Черный день. Книги 1-8 - Алексей Алексеевич Доронин
Шрифт:
Интервал:
Закладка:
— Слушаюсь.
— А сам он что? Едет назад?
— Да, возвращается.
— Понятно… — правитель вдруг нахмурился и потёр подбородок. — Запоминай. Ящера за то, что победил, — наградить. А за то, что не добил и не догнал, отошёл без приказа, − наказать. Как предпочитаешь, друг ситцевый? Одно другое кроет, или получит твой мясник и медаль, и кнут?
— Лучше в ноль, — ответил Генерал, не моргнув. За своих подчинённых он стоял горой. — Не надо ему медалей. Но и прогонять через строй вроде не за что.
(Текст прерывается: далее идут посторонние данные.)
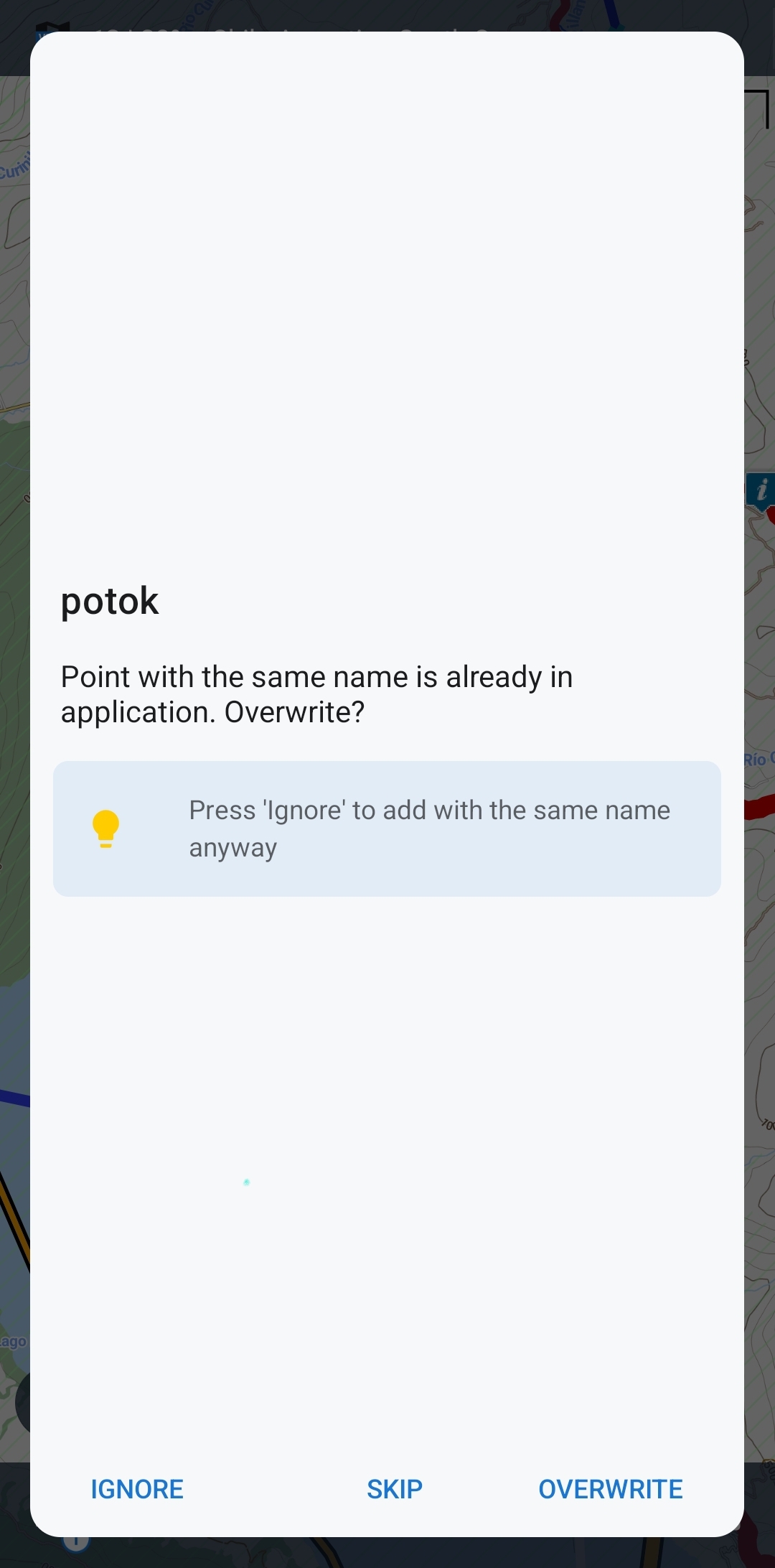 Any time I add a waypoint with the same name of an existing one - as "Water" - Locus asks if I want to overwrite the previous point (!) or ignore the "conflict".
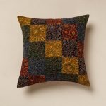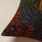 This cushion cover features a unique blend of traditional and contemporary styles. Made from ajrakh block printed mashru silk patchwork fabrics, it is embellished with hand embroidery using the kutchhi kantha technique by the skilled artisan Ramji Devraj. Customised designs and colors possible for a small batch production of 100 pieces. Product and material testing reports available on request.

Он знал, что Ящер бы такое не простил. Даже Виктору. Уж очень гордый. Не похож на других людей, которые Уполномоченному служат. На коленях ползать не привык. Жаль, что сам повелитель этого не понимает. Его уверенность в том, что любой будет перед ним стелиться по умолчанию, была его слабостью. А значит, слабостью их общего дела.
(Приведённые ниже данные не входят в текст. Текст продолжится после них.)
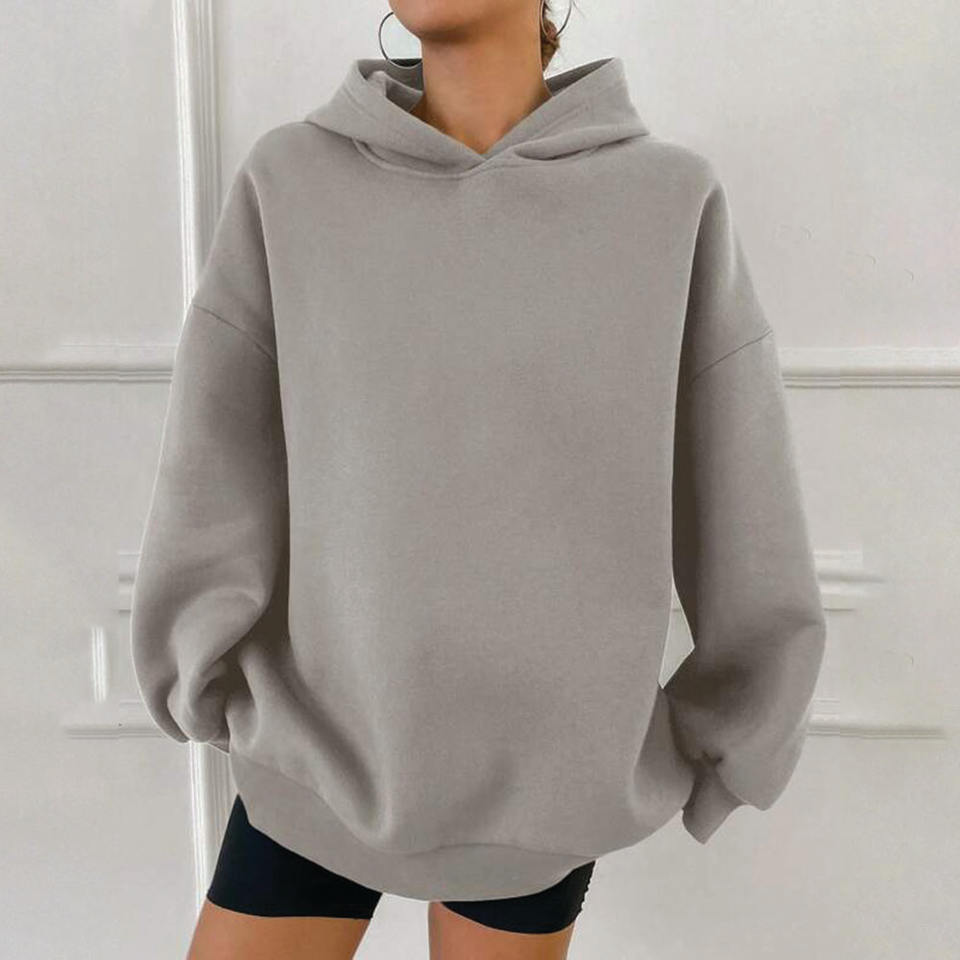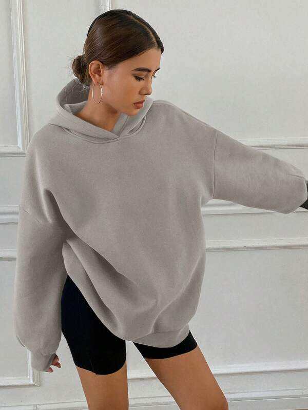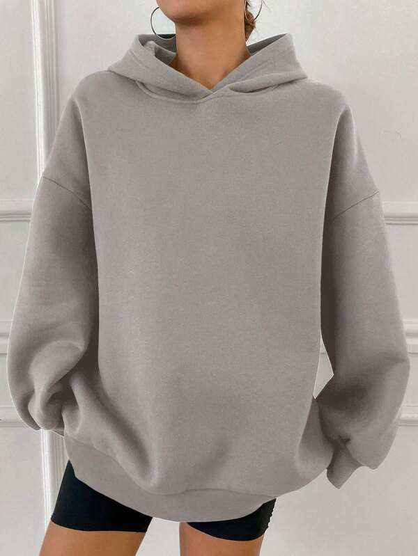เสื้อมีฮู้ดโอเวอร์ไซส์สีเทาอ่อนสำหรับผู้หญิงเสื้อสวมหัวคอตตอนขนแกะทรงหลวมเสื้อสเวตเตอร์เปิดไหล่แขนยาวลำลองฤดูหนาว

— Правильно, — усмехнулся Виктор и похлопал его по плечу. — А то как-то не по-людски, сначала расстрелять, а потом награждать. А этот Ящер… он и правда урод?
— Он сам с севера, из-под Воркуты. Из народа сидячих. Там у них нравы своеобразные. Про них говорят, что они сидят, даже когда стоят.
— Не слышал о таком народце.
— Их мало… Витя. Но тысячи три наберётся. Они, судя по всему, раньше зэками были. То ли с эшелона, то ли с корабля, то ли с зоны. Женщин у них нет. Но они не вымирают, потому что принимают всех, кто согласен по-ихнему жить. Городок у них был чисто мужской. У них своя мифология, как у каких-нибудь папуасов. Они вроде в Христа верят, но считают, что Понятия были до него. Кант бы поспорил, но Платон бы согласился. Хе-хе. Этнографу там было бы раздолье. Мутантов тоже немало. Ещё они себе спину расписывают письменами, как картину. Но это не для красоты, отображение жизненного пути, достижений. Урод ли он? Я так скажу — «У него было трудное детство». Но он такой же крутой, как самые крутые из нохчи. Когда мы сидячих нашли, им платили дань все окрестные деревни… За защиту. А из тех, кто пытался не платить… Ящер делал фонарики. Поднимал за плечи и просто сажал на арматуру, протыкая насквозь. Остальные его кореша чуть послабже, но тоже суровые. Ножи у них хорошие, сами куют и точат как бритвы. Говорят, когда деревню наказывают, только женщин оставляют. Когда им достаются бабы… ну, пользуются. Но к себе не берут, оставляют, где взяли. А дети мужского пола, как подрастут, обычно сами в колонию приходят. Потому что там сила. Заметь, те, кого они крышевали, — сами не тряпки, это северные рыбаки-поморы. Хотя недавно рыболовы, похоже, восстали, поэтому народ сидячих переселяется на юг. К нам.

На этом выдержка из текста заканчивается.